The pod was headed by the largest male, the “pilot” Cagliostro, as observed in other social groups of this species. In 1996 one of the adult males (Enea) was sighted for the last time, while in 1999 a newborn was recorded (Mussi et al., 2000). Direct observations documented that Cagliostro, the “pilot”, was taking constant care of the young Pan (5-6 years-old), isolating him from the rest of the pod. On the other hand, the two females and the smaller male of the group were taking care of the newborn, in a way that it was impossible to approach the juvenile closer.

The opportunity to perform direct and continuous “in situ” observation on a wild pod of long-finned whales off Ventotene Island, confirmed the time stability of social groups in this species. The social structures of pilot whale pods are similar to those of “resident” killer whales. The pods are highly stable and the members have close matrilineal relationships. The evident interaction between the pilot and the youngest member of the pod brought new insight on the role of adults, dominant males in the complex social structure of Globicephala melas.

The limited number of individuals of the pod allowed to assign calls to whales to demonstrate that whales produced mostly their own signature call (Mussi et al., 2003).

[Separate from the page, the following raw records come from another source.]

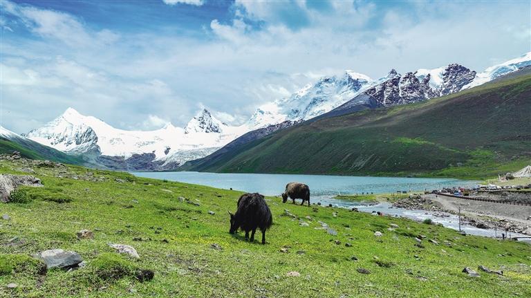 薩普雪山,坐落于那曲市比如縣羊秀鄉(xiāng)的普宗溝深處,是大自然的杰作。這座壯麗的雪山腳下,冰川如同時(shí)間的印記,靜靜流淌;湖泊如鏡,倒映著天空的純凈與雪山的威嚴(yán);廣闊的草場(chǎng)綠意盎然,牛羊成群,和諧共生。這里的景致宛如人間仙境,美得令人窒息,讓無(wú)數(shù)游客和攝影愛(ài)好者神往。
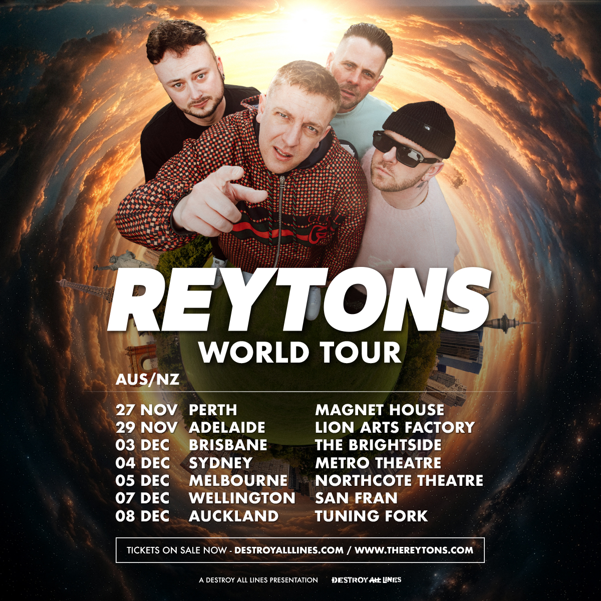 Just Announced! UK music’s biggest underdogs, indie rock juggernauts The Reytons, keep charging forward on their unstoppable rise. Having flirted with overseas territories successfully over the past 5 years, the band are now heading out on their very first World Tour, and have announced their return to Australia and New Zealand this November and December
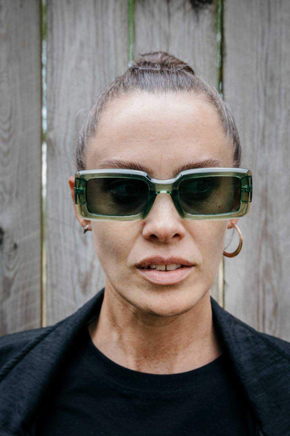 Tove. A hippie in disguise! A forest green frame made of recycled plastic, combined with a green lens.

Signature remains stable over long periods and its frequency versus time “contour” shows a high degree of stereotypy. Male individual’s calls were found to be predominant and in particular two members of the pod, the youngest one (Pan) and the pilot, seemed to be strongly linked by the number of whistles emitted since 1995, announcing a particular relationship between the whales that was revealed only in 1999 with the separation of the pod.

At last was possible to document the development of a signature whistle in a juvenile male of pilot whale since it was 1-2 years old, starting from a simple whistle to arrive a defined call with an introductory and a terminal structure well recognizable.

In the last years, long-finned pilot whales have been sighted less and less. Nevertheless, the monitoring effort of Oceanomare Delphis Onlus is still active providing data on the absence of the species in the Pontino Archipelago.

As we can see, there are a lot of anthropogenic factors affecting long-finned pilot whales in the Mediterranean Sea. This is a problem when it comes to a rather uncommon species in this Sea. In fact, little is known about their abundance in this area which makes it difficult to assess the conservation status of the Mediterranean subpopulation.

Monitoring efforts in the Mediterranean Sea to study the population status of long-finned pilot whales are hence of utmost importance for the conservation of the species. Even though sightings in the Tyrrhenian Sea are rather rare, they continue to be one of the target species of the monitoring efforts in the Ischia Dolphin Project.